The rates will be the same for the earlier (nonguaranteed) and the final (SBA) loans, and will be based on the size of the amount borrowed. “We don’t make commissions here, so it works exactly the reverse of what you might think,” Carroll explains. “Everything is based on prime, which is currently 3.5%. The lowest rate will be prime plus 2%, up to a high of prime plus 2.75%, and the smaller loans will carry a higher rate.”
Why? “It costs us just as much to underwrite a $100,000 loan as it does one for $5 million,” Carroll explains. “To offset our underwriting costs, we have to bake in a little higher rate for the smaller loans.”
How does that underwriting work? As mentioned earlier, Live Oak Bank lends on cash flow rather than collateral, so underwriting is really an analysis of two things: the creditworthiness of the second-generation borrowers, and the financial health of the firm they’re buying.
Start with the borrowers. “They have to show they’re a responsible financial advisor in two aspects,” Carroll explains: “One, that their personal credit and their personal financial statement is okay. Two: that they’re in good standing with the SEC—and FINRA, if that’s applicable.”
He adds that Live Oak Bank’s underwriters recognize the financial challenges facing a professional who might be 35-45 years old. “If they’re anything like me,” Carroll says, “they have a mortgage, a HELOC, a couple of car payments, and maybe they’ve finally climbed out from under their student debt. They don’t have a million bucks to buy into the firm, which is why they’re coming to us. We don’t expect them to have that.”
Underwriting the firm requires a sophistication in the advisory business that your bank down the street will not possess. “Our main question is: Can the firm afford itself?” says Carroll. “If the successors were to say, hey, I want to buy out the whole thing; the seller is done—from an internal succession, without that seller’s salary, can they afford it based on the cash flow of the firm itself?”
Carroll says that the sweet spot for his firm is advisory firms with between $100 million and $1 billion in AUM, but they are better described by the internal facts on the ground: founding advisors who have identified their successors and are ready for them to start buying ownership, but the firm has grown so quickly that the next generation is having trouble affording the first couple of purchases.
If they can just get that first 10% of the firm in the hands of the next generation, everything else becomes a lot easier; the profit distributions help pay interest on the loan.
“The founder is saying, ‘I like this arrangement because I don’t have to leave for five years,’” says Carroll. “They can start the process with this next generation advisor who has been saying, please let me buy in, but when they run the numbers, he doesn’t have enough money.”
Carroll says that Live Oak Bank’s biggest competition, when it comes to financing successions, is the sellers themselves, who may negotiate a 10% return on their loans to the next generation. This forces the bank to stay competitive. “It’s why we have to stay at that 5.5% level,” he says. “And because it is a business loan, you’re writing off your business interest on your taxes. So, net, the successors are coming in at 3.5%.”
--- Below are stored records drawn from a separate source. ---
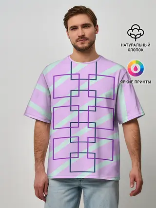 Мужская футболка оверсайз / графический: клетка полоска
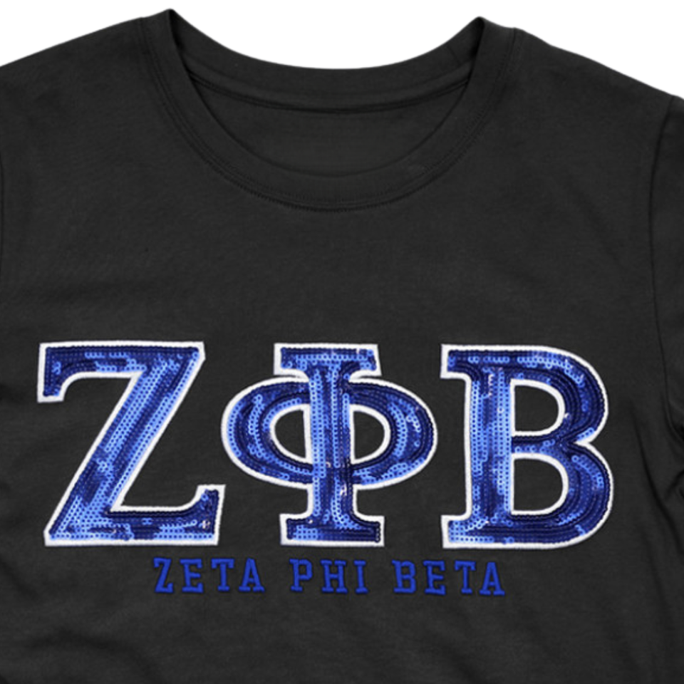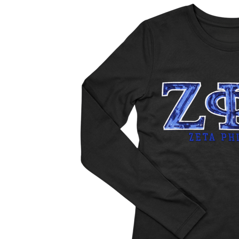 Zeta phi Beta เสื้อยืดแขนยาวมีตัวอักษรสีดำผ้าฝ้ายปักลายภาษากรีกเสื้อผ้าลำลองเสื้อสโมสรนักศึกษา
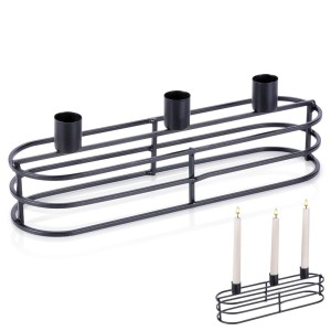 Świecznik na trzy długie świece. Wykonany z metalu w kolorze czarnym. Świetnie sprawdzi się jako świecznik adwentowy. Utrzymany w industrialnym stylu typu loft.
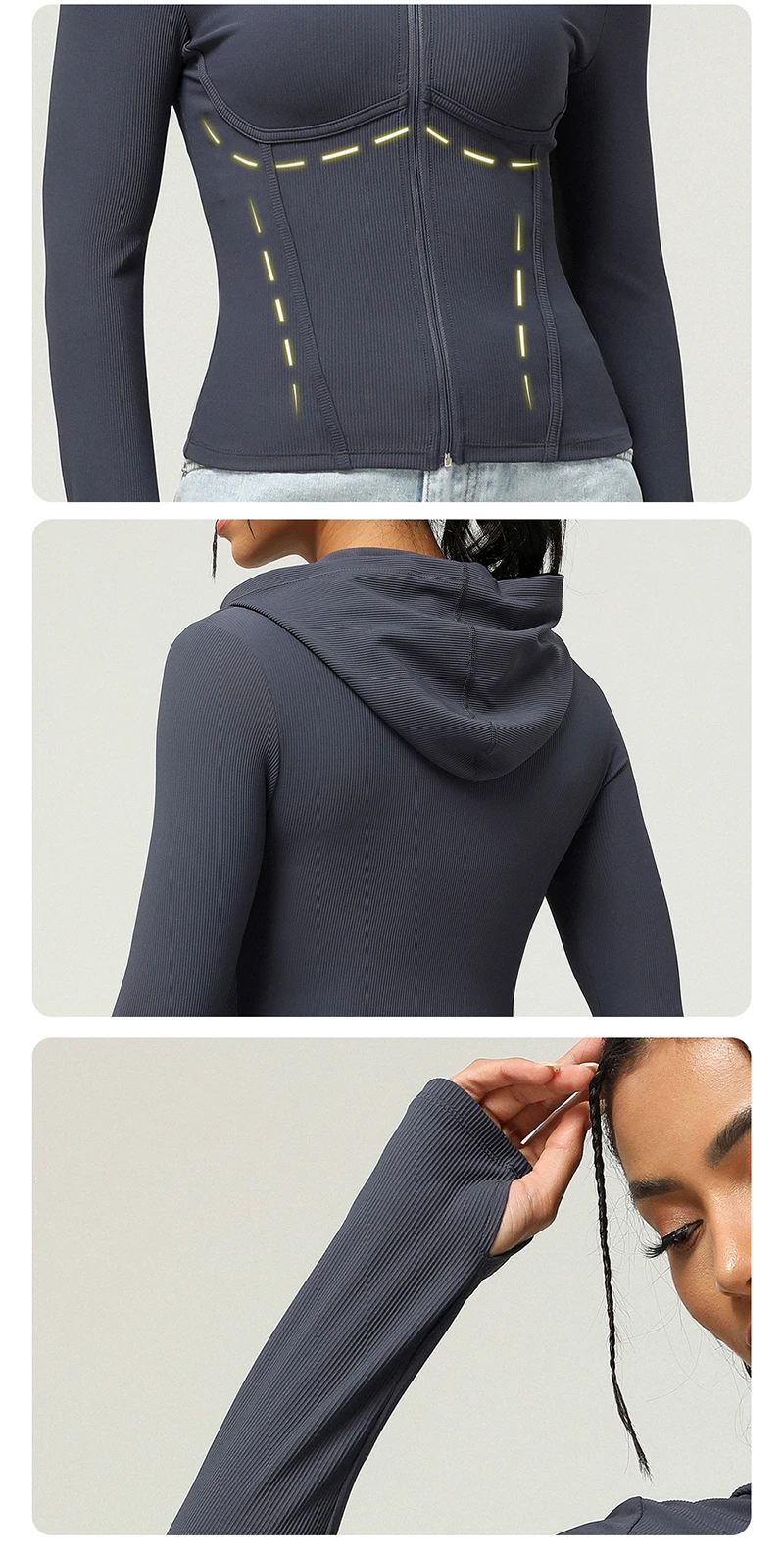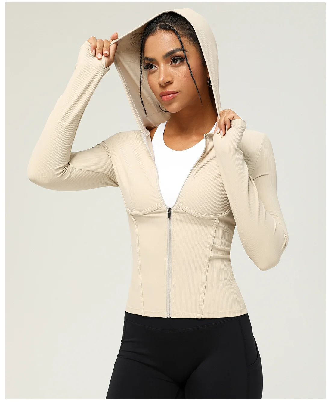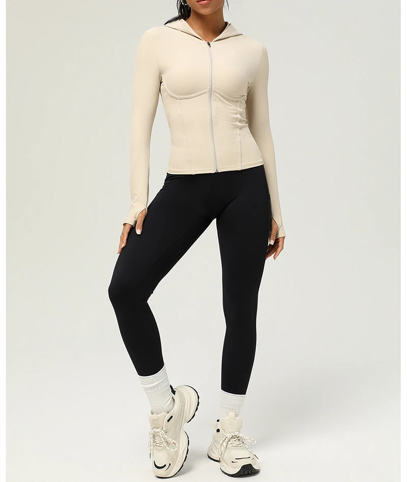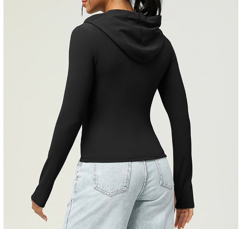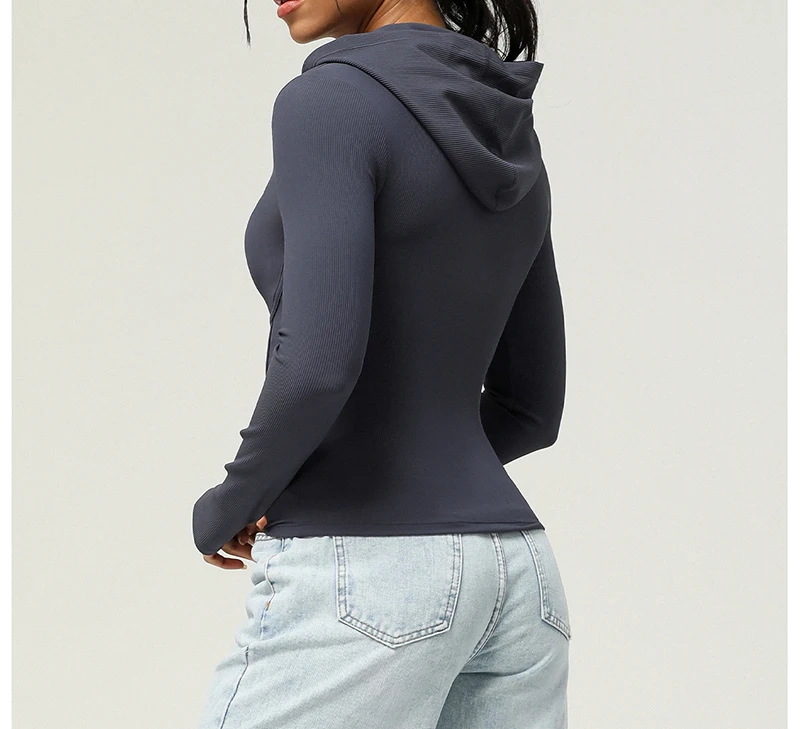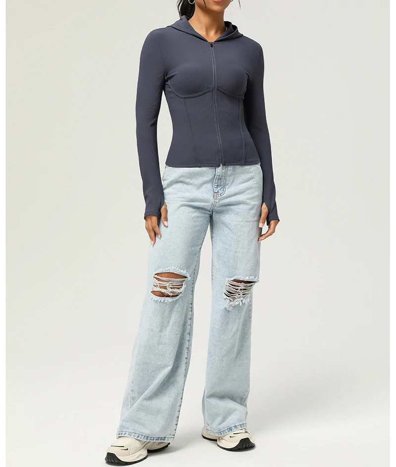 Full Zip Up Hoodie Women Long Sleeve Ribbed Sweatshirts Fall Outfits Oversized Casual Fashion Hood Jackets
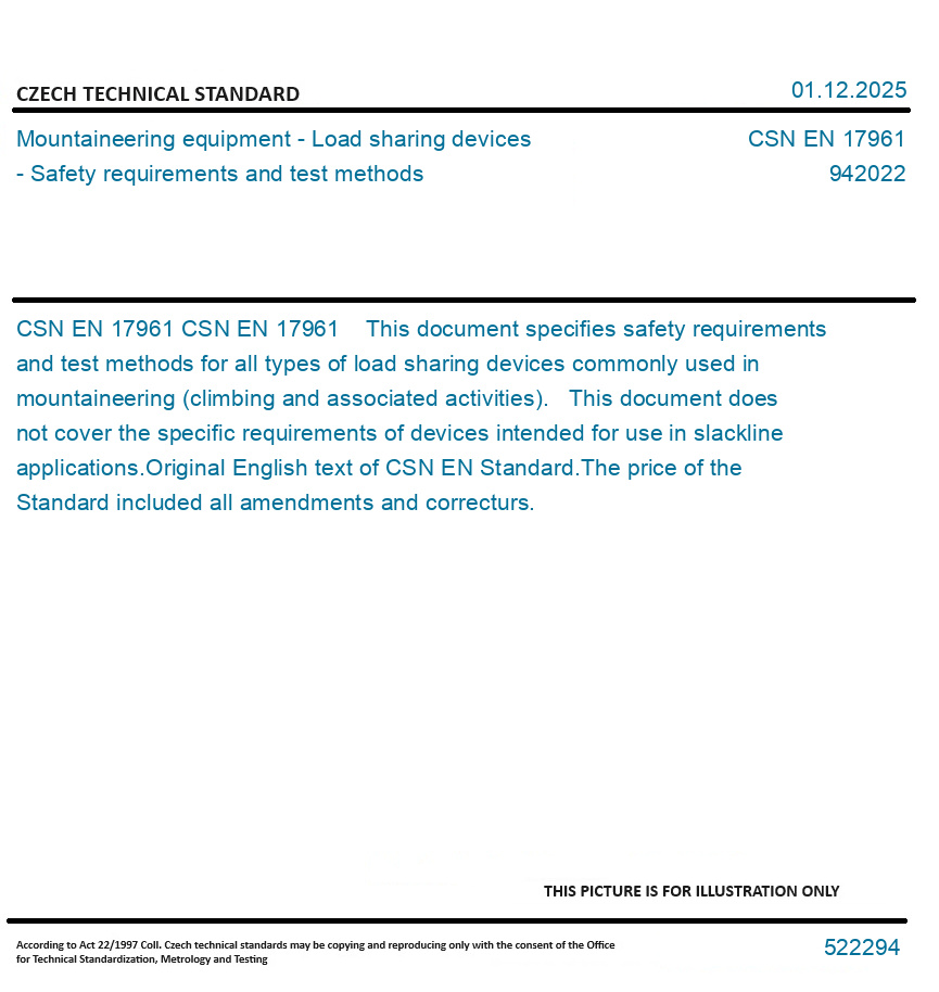 CSN EN 17961 This document specifies safety requirements and test methods for all types of load sharing devices commonly used in mountaineering (climbing and associated activities). This document does not cover the specific requirements of devices intended for use in slackline applications. Original English text of CSN EN Standard. The price of the Standard included all amendments and correcturs.
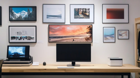 A modern and stylish workspace setup with a monitor, keyboard, and photo wall decor, emphasizing an elegant and creative work environment.
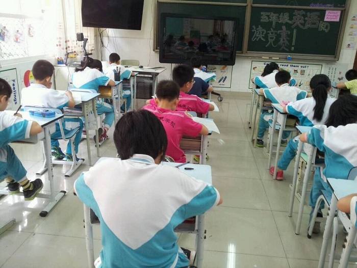 2015年4月2日(星期四)下午,五年级学生在教室里进行了一场英语阅读能力竞赛。
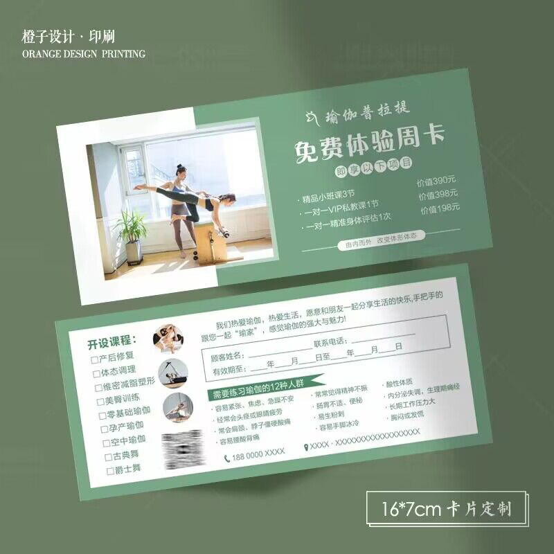 您的位置: 瑜伽普拉提馆开业抵金券拓客卡优惠券定制健身减肥体验券设计传单
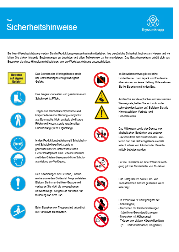 Erleben Sie Industriegeschichte hautnah bei einer spannenden Tagesfahrt nach Duisburg! Freuen Sie sich auf eine 2,5-stündige Führung durch das Thyssenkrupp Werk und erhalten Sie faszinierende Einblicke in die moderne Stahlproduktion. Anschließende Fahrt zum Duisburger Innenhafen und Zeit zur freien Verfügung.

Of course, the bank also offers working capital loans, to address the not-uncommon situation where the successor generation wants to invest in the firm they’re buying into, and the founder responds that this future investment would be coming out of his distribution, to improve the value of a firm he won’t be owning.
Carrol hopes that the availability of outside financing will help move the needle on all those succession plans that aren’t happening currently. And, interestingly, he’s finding that some owners have changed their minds about retiring only when somebody finds their lifeless body slumped over the desk in their office. “Some of the founders we talk to, when the find out what we’re offering, they’ll say, hey, where’s my ejection button?” he says. “I’ve already identified my successors, and I’m ready to get started on retirement. Can I accelerate it?”